Папа всю ночь плакал, тетя Гуля собирала вещи (теперь чемоданов почему-то оказалось три), Чужой спешно дописывал роман (теперь он назывался «Все плачут»), мама сидела на кухне и не знала, что теперь делать с сахаром. Утром тетя Гуля забрала всех своих детей и ушла, предварительно закутав каждого ребенка в синюю ветошь, которой вдруг оказалось неожиданно много (видимо, этой ветошью ей в театре платили зарплату все эти три душных и полупустых летних месяца).
– Все закончилось. Пора уходить, – тихо объяснила тетя Гуля маме, вышедшей ее провожать (папа продолжал где-то сидеть и убиваться, ему вообще на все было наплевать – умерла его любимая собака из детства, из юности, из молодости, целый кусок жизни, неожиданно восстановленный, превратился в ямку под деревом). – Пришли вчетвером, уходим вчетвером (кивнула на округлившийся живот Мишель). Что-то потеряли, что-то приобрели. В семье прибавление, в семье похороны, а общая сумма не меняется – такая жизнь.
Мишель на меня даже не посмотрела.
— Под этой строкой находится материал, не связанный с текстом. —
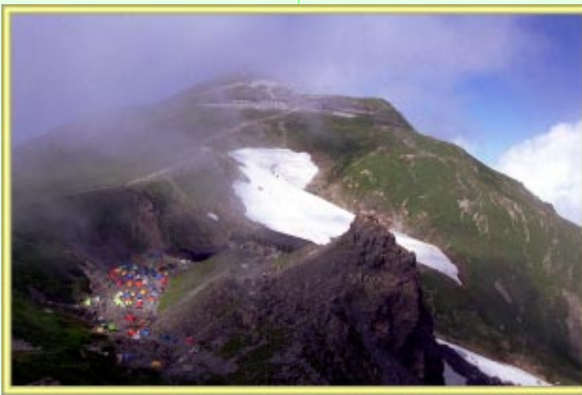
白馬キャンプ場と白馬岳
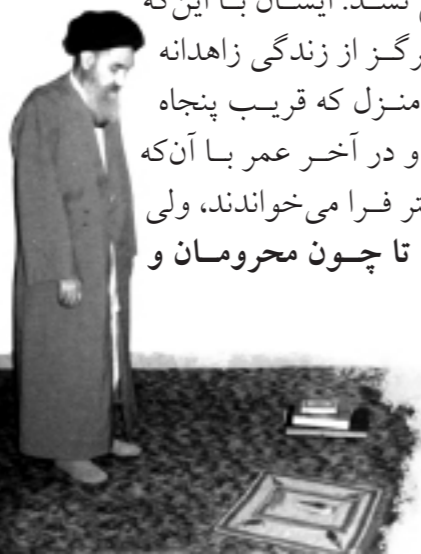
پایگاه خبرگزاری حوزه ۸ مهر ۱۳۶۹ - رحلت «آیت‌الله سید محمدصادق لواسانی»

او هر هفته بعد از انقلاب در گرما و سرما به ملاقات امام خمینی رهبر می‌رفت و این ملاقات هیچ موقع قطع نشد. ایشان با این که نماینده تامالاختیار حضرت امام بود، هرگز از زندگی زاهدانه اش دست نکشید و تا آخر در همان منزل که قریب پنجاه سال پیش خریده بود، زندگی کرد و در آخر عمر با آن که تمامی دوستانش او را به زندگی‌ای بهتر فرا می‌خواندند، ولی او با خدای خود عهد کرده بود تا چون محرومان و پابریه‌ها زندگی کند.

Был брат, нет брата, общая сумма не меняется. Такая жизнь.
Я провернул ключ в замке три раза. Было понятно, что я их всех больше никогда не увижу. «Лето закончилось, – написал в последней главе своего романа, специально для меня (я это только потом понял) забытого в ящике письменного стола, Чужой. – А мы продолжаем делать вид, что существуем. Как разрешить эту ситуацию? Разве что с помощью гигантской, величиной с девятиэтажный дом, резиновой уточки, которая наконец-то придет и уничтожит нас всех. Обычно, когда люди доводят себя до такого состояния, выручить их всех может разве что такая вот уточка. Но уточка никогда не приходит, поэтому мы гибнем и исчезаем незаметно».
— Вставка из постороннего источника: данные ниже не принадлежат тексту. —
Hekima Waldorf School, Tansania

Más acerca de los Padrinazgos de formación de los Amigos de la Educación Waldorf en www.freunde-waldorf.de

Я закрыл тетрадь и перестал бояться смерти. Эту чушь про уточку мог бы написать и я! Может, это и был я. Только почерк был
Папу мы нашли молча сидящим на полу в ванной комнате. Сели рядом. О чем можно было говорить? Мы снова остались втроем, лето закончилось, ничего не изменилось, мы никого не потеряли, мы снова были друг у друга.
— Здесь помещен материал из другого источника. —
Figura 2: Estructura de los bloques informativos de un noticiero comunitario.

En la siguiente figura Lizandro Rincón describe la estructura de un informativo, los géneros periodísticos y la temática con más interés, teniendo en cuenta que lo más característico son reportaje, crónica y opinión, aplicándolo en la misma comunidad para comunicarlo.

Разве что теперь у нас больше не было собаки.
Но и это горе можно как-то пережить.
Завтра никогда не получится
Фея отъезда, наша фея.
Когда уже все было решено, часто развлекались простыми предсказаниями: поймав эту вязкую, легкую, болезненную, как удар под ребра, волну скорого исчезновения, она неожиданно обнаружила в себе способность предсказывать будущее, но только то будущее, где пляшет смертным поплавком отъезд навсегда, этот звонкий серебристый скачок в сладкую послежизнь, послемрак и послетлен, прыжок в светлое иное; с ее слов, чувство безошибочности этого грядущего прыжка возникало у нее во рту, как кипящая соленая волна чужой яростной крови, и бурлящее желание сплюнуть чужую кровь рождало вначале гримасу невыразимой немоты, после – мучительное сглатывание, после – безошибочную, как мы понимали, фразу: седьмого июня, через десять лет ровно. Или: конец января, через год, надеюсь, вы уже начали собираться. Или: о, этим летом уже! И прячут глаза, и идут дальше.
Тем мутным летом мы покупали за краденые копейки пластинки в комиссионных магазинах, бегали по городу мысленно голые, насильственно играли в предсказания, смешили этим цветастых соседок, некоторых пугали до смерти: вот уже мчит на свой четвертый без лифта перепрятывать эмиграционные сбережения. Если бы в те времена был суд, кто-нибудь бы подал в суд, но с этим тогда было сложно.